● **WHAT YOU HAVE TO DO**: When the data below is printed, every line must match exactly and the images must be absent.

● **DATA PROVIDED**:

- - - - - - -

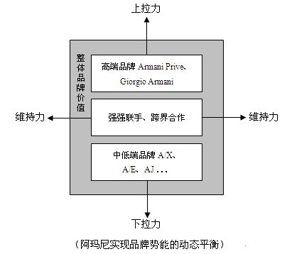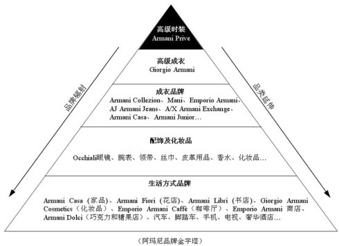 塔,才能使品牌丰满有力。在阿玛尼品牌系列中,从二三十万人民币一套的高级订制时装Armani Prive系列,到一套西装三万人民币左右的Giorgio Armani,再到数百元的阿玛尼低价品牌系列,产品定位由高到低排列了十几个定位不同的副品牌。这些品牌有各自明确清晰的品牌定位,以便顾客区分。并采取了不同的渠道种类以防品牌间相互冲突。另一方面,品牌间又保持着某种联系。无论是Giorgio Armani的高端奢侈、Armani Collezini的端庄淡雅、 A/X的年轻时尚,还是Armani Jeans的大众休闲,它们又同时奇妙地保有了“阿玛尼品牌”的特有设计精髓。阿玛尼除进行品牌延伸之外,经营品类也进行了的广泛延伸,从各种服饰及配套产品一直延伸到各种生活用品,直至进入食品、汽车、酒店业。阿玛尼现在已经从一个单纯的时装品牌成功地转型为一个完整的时尚奢侈生活方式品牌。只要消费者喜欢,他们一天24小时都能接触到阿玛尼的产品和服务。
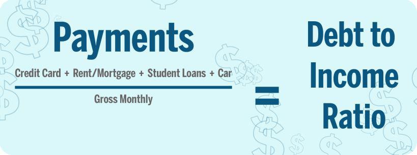 Your debt-to-income ratio, or score, is one of the most impactful numbers on your life since your ACT score. It measures the percentage of your monthly income that goes to pay your debts. You calculate it by adding all your monthly debts – credit card minimums, rent or mortgage, car payments, and, yes, student loan payments. Then, you divide the total by your monthly gross income (takehome pay before taxes and other monthly deductions).
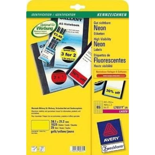AVERY Zweckform L7651Y-25 självhäftande etiketter neongul (A4, avtagbar, 38,1 x 21,2 mm, för tryck, 1 650 klistermärken på 25 ark, färgade självhäftande etiketter för tydlig märkning)

- - - - - - -

● **ANSWER SPACE**:
 塔,才能使品牌丰满有力。在阿玛尼品牌系列中,从二三十万人民币一套的高级订制时装Armani Prive系列,到一套西装三万人民币左右的Giorgio Armani,再到数百元的阿玛尼低价品牌系列,产品定位由高到低排列了十几个定位不同的副品牌。这些品牌有各自明确清晰的品牌定位,以便顾客区分。并采取了不同的渠道种类以防品牌间相互冲突。另一方面,品牌间又保持着某种联系。无论是Giorgio Armani的高端奢侈、Armani Collezini的端庄淡雅、 A/X的年轻时尚,还是Armani Jeans的大众休闲,它们又同时奇妙地保有了“阿玛尼品牌”的特有设计精髓。阿玛尼除进行品牌延伸之外,经营品类也进行了的广泛延伸,从各种服饰及配套产品一直延伸到各种生活用品,直至进入食品、汽车、酒店业。阿玛尼现在已经从一个单纯的时装品牌成功地转型为一个完整的时尚奢侈生活方式品牌。只要消费者喜欢,他们一天24小时都能接触到阿玛尼的产品和服务。
 Your debt-to-income ratio, or score, is one of the most impactful numbers on your life since your ACT score. It measures the percentage of your monthly income that goes to pay your debts. You calculate it by adding all your monthly debts – credit card minimums, rent or mortgage, car payments, and, yes, student loan payments. Then, you divide the total by your monthly gross income (takehome pay before taxes and other monthly deductions).
AVERY Zweckform L7651Y-25 självhäftande etiketter neongul (A4, avtagbar, 38,1 x 21,2 mm, för tryck, 1 650 klistermärken på 25 ark, färgade självhäftande etiketter för tydlig märkning)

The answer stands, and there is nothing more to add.